TI, the world's largest maker of chips for mobile phones, said fourth-quarter earnings rose 2 percent from a year earlier, due to stronger demand for the company's semiconductor and calculator products.
While announcing the gains after the market closed Monday, TI executives also laid out streamlining measures for the coming years. The company already uses a mixture of its own factories and other suppliers to produce semiconductors, and executives said that outsourcing model would be extended to include the development of certain digital chips.
“That level of redundancy no longer makes sense,” said Ron Slaymaker, TI's vice president for investor relations. “This is an area where we realize we can gain further efficiencies.”
The company also said it would eliminate 500 jobs over the coming year by closing the Dallas chip plant as part of a cost-cutting measure designed to save some $200 million annually.
TI shares rose $1.26, or 4.4 percent, to $29.85 as trading opened Tuesday on the New York Stock Exchange. Shares have traded between $26.77 and $36.40 over the past year.
TI said it earned $668 million, or 45 cents per share, in the October-December period, compared with $655 million, or 40 cents per share, in the same period last year.
Revenue was $3.46 billion, up 4 percent from $3.32 billion in the same period a year earlier.
Without a 5-cent-per-share tax benefit from a federal research and development bill passed into law late last year, earnings for the quarter would have come in at 40 cents per share. Analysts surveyed by Thomson Financial expected earnings of 38 cents per share on $3.43 billion in revenue.

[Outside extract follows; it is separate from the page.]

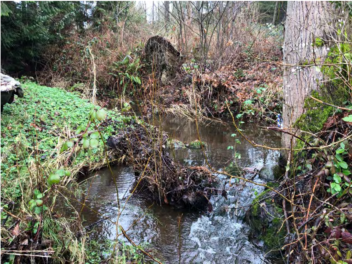
13. East Fork Hylebos Creek Tributary 0016A
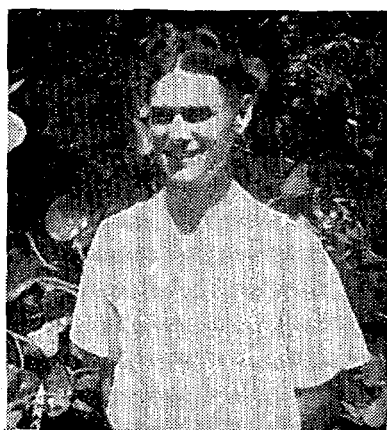
2768 N. W. 57 Street Miami 38, Florida Phone 7-0991 May 18, 1948

The Voice of Healing Box 4097 Shreveport, Louisiana

Slaymaker said growth in the fourth quarter slowed compared with the third quarter due to a combination of seasonally weaker sales and other factors.
“Challenges continue in the first quarter as we operate in an environment where customers want lower levels of inventory and where growth in the wireless market is skewed to low-priced, basic-featured cell phones instead of higher-priced, full-featured phones,” Rich Templeton, TI's president and chief executive officer, said in a statement.
TI said it believes earnings in the first quarter will range from 28 cents to 34 cents per share on revenue of $3.01 billion to $3.28 billion, just below Thomson Financial analysts' forecast of 35 cents a share. TI will release a more detailed midquarter update in March.
Analyst Cody Acree of Stifel Nicolaus & Co. said the fourth quarter was solid but he was concerned about the company's weak guidance moving into the first quarter. He agreed, however, that TI's decision on chip outsourcing was a more streamlined approach.
He said TI, like other chipmakers, faces the tricky proposition of trying to predict now what demand will be for its chips in a few months.
“Right now there's a lot of second guessing,” Acree said.
For all of 2006, the Dallas company earned $4.34 billion, or $2.78 per share, on revenue of $14.25 billion, compared with earnings of $2.32 billion, or $1.39 per share, on sales of $13.39 billion in 2005.